Mungkin sejarah bangsa ini tak akan pernah lupa atas kesederhanaan dan kejujuran seorang penegak hukum dan pembela keadilan di negeri ini—ia adalah Baharuddin Lopa mantan Dubes Arab Saudi, dan jabatan terakhirnya sebagai jaksa agung tahun 2001. Eforia reformasi begitu terasa dengan masuknya Baharuddin Lopa dilingkaran pemerintahan untuk memutus mata rantai korupsi. Namun usianya sebagai jaksa agung hanya sebulan lalu ia menghembuskan nafas terakhirnya. Indonesia kehilangan sosoknya yang sederhana dan berani.

Kesederhanaan dan ketegasannya membuat semua orang kagum kepadanya. Sebagian orang memberi stigma—bahwa seorang pejabat selalu identik dengan gaya hidup yang glamour, rumah, mobil, selalu disesuaikan pada posisi seseorang, apalagi kalau ia seorang pejabat negara.

Baharuddin Lopa, tentu bukanlah produk dari stigmatisasi dengan segala pernak pernik atas jabatan yang disandangnya. Rumah dinas pun yang ditempatinya semua fasilitas negara dipakai sesuai kepentingan kedinasan. Telpon dirumdis pun dikuncinya agar tak dipakai oleh siapapun termasuk keluarganya. Hingga ia menyiapkan telpon koin untuk istri dan anaknya. Kendaraan dinas pun ia tolak dan memilih kendaraan mobil kijang super sebagai kendaraan pribadi.

Suatu ketika disebuah hajatan keluarga terpandang, Baharuddin Lopa diundang untuk hadir—semua orang dan kerabat menunggunya, dengan harapan bahwa Baharudfin Lopa sama istrinya akan naik kendaraan mewah. Tak ada tanda² mobil mewah tiba dihalaman rumah, tetapi dengan mengejutkan terdengar suara Baharuddin Lopa dari dalam rumah, rupanya ia bersama istrinya naik angkot (angkutan kota).
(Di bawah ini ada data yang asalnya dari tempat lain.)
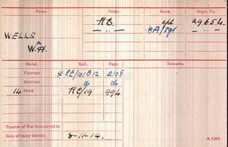 William had two younger brothers: Thomas Wells (1896-) and Robert Wells (1899-1908). Thomas also served in the Great War as a Private in the Royal Army Medical Corps.
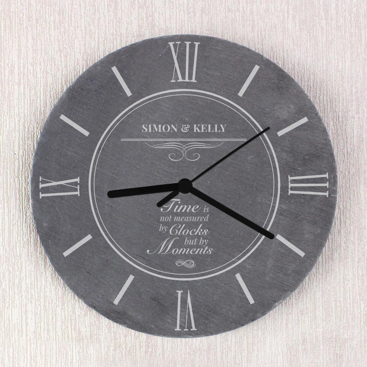 * Please see below on how to personalise your clock* Ideal for new homes or weddings* Personalize with a name inside the banner (up to 18 characters) and a message over 3 lines:* Line 1: Up to 21 characters (case sensitive)* Line 2-3: Up to 21 characters per line (case sensitive)* " KITCHEN" is fixed text* Each slate piece is unique with natural variations* Contains speckles of fools gold for a rustic feel* Requires 1 x AA battery (not included)* Roman Numeral Display The Personalised Moments Slate Clock is a rustic and heartfelt gift, perfect for new homeowners, newlyweds, or those celebrating a special anniversary. It's a reminder that time is measured in precious moments.**How to personalise your product:**1. Place your order2. You will receive an email from dunelm@personalisedmemento. co. uk within 1 hour to add your personalised message. If not received, please check your junk folder.3. Once received, follow the link within the email.4. Type your message into the fields on screen and click on the preview button to review the personalisation.5. Once checked and happy, click submit.6. Production of the order will commence.**Please note:*** The content on a personalised product will be produced exactly as you enter it, including spelling and capitalisation. Please ensure that all details, especially the personalised text, are correct before clicking submit.* Accents, special characters and emojis are not accepted.* Once the personalisation has been submitted, the order cannot be amended or cancelled. * If the personalisation is not submitted within 3 days, the order will be automatically cancelled. * We do not permit personalisation that infringes copyright laws, is indecent or offensive, or contains language deemed to be abusive, threatening, or defamatory. Full content rules can be viewed in the [terms and conditions](https://www. dunelm. com/info/help/personalised-goods-terms-and-conditions). Orders that do not follow these rules will be refused. By ordering a personalised product, you are agreeing that your details (name and contact details, including address) and the details that you provide of any other party, such as the recipient of the personalised product, can be shared with our third party supplier who provides the personalisation service only for the purposes of completing the personalisation service and delivering the product to you or the recipient. Our Privacy Policy is here: [Privacy Policy | Dunelm](https://www. dunelm. com/info/help/privacy).
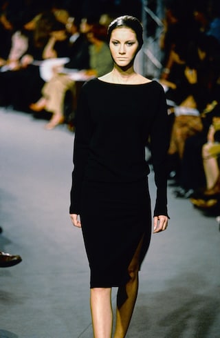 “I could see, by watching the contemporary collections and also trying to learn about fashion history, that there was a strong connection between the work of the 90s minimalists – Helmut Lang and Jil Sander – and Cristóbal Balenciaga,” Ghesquière has said of his approach at the time. What emerged on his catwalk that day was a hybrid of sleek minimalism and couture drama: 51 girls draped and cloaked in soft black jersey and sculpted leathers (bar two standout white pieces), each look was completed with a leather chin-strapped headband, redolent of those swaddling hoods that appeared in techno fabrics on Gvasalia’s Balenciaga runway for A/W17.

Seorang kerabat bertanya “Naik apaki Puang?”,
Baharuddin Lopa sambil tersenyum, dan menjawab….saya bersama ibu naik angkot. Lalu yang bertanya kembali, mana mobil dinasta?,…Baharuddin Lopa dengan senyum khasnya menjawab, mobilnya ada dirumah, saya tidak pakai karena itu mobil dinas yang harus saya pakai saat tugas kedinasan bukan untuk keperluan pribadi saya dan keluarga. Sehingga saya bersama istri naik angkot keyempat ini—kata Baharuddin Lopa. Seketika menjadi hening mendengar ucapan Baharuddin Lopa.

Baharuddin Lopa bukan hanya memilih hidup sederhana—tetapi beliau mencoba menepis stigma—kalau pejabat itu hidupnya glamour.

Sehingga ucapannya begitu menghentakkan nurani. Ia diingat oleh sejarah karena perilaku kesederhanaannya. Semoga para pemimpin.dan pejabat dibangsa ini bukan menjadi bangsawan baru—yang glamour dan berlagak kaum hacienda.

Tapi jadilah pemimpin yang sederhana agar sejarah mengenangmu.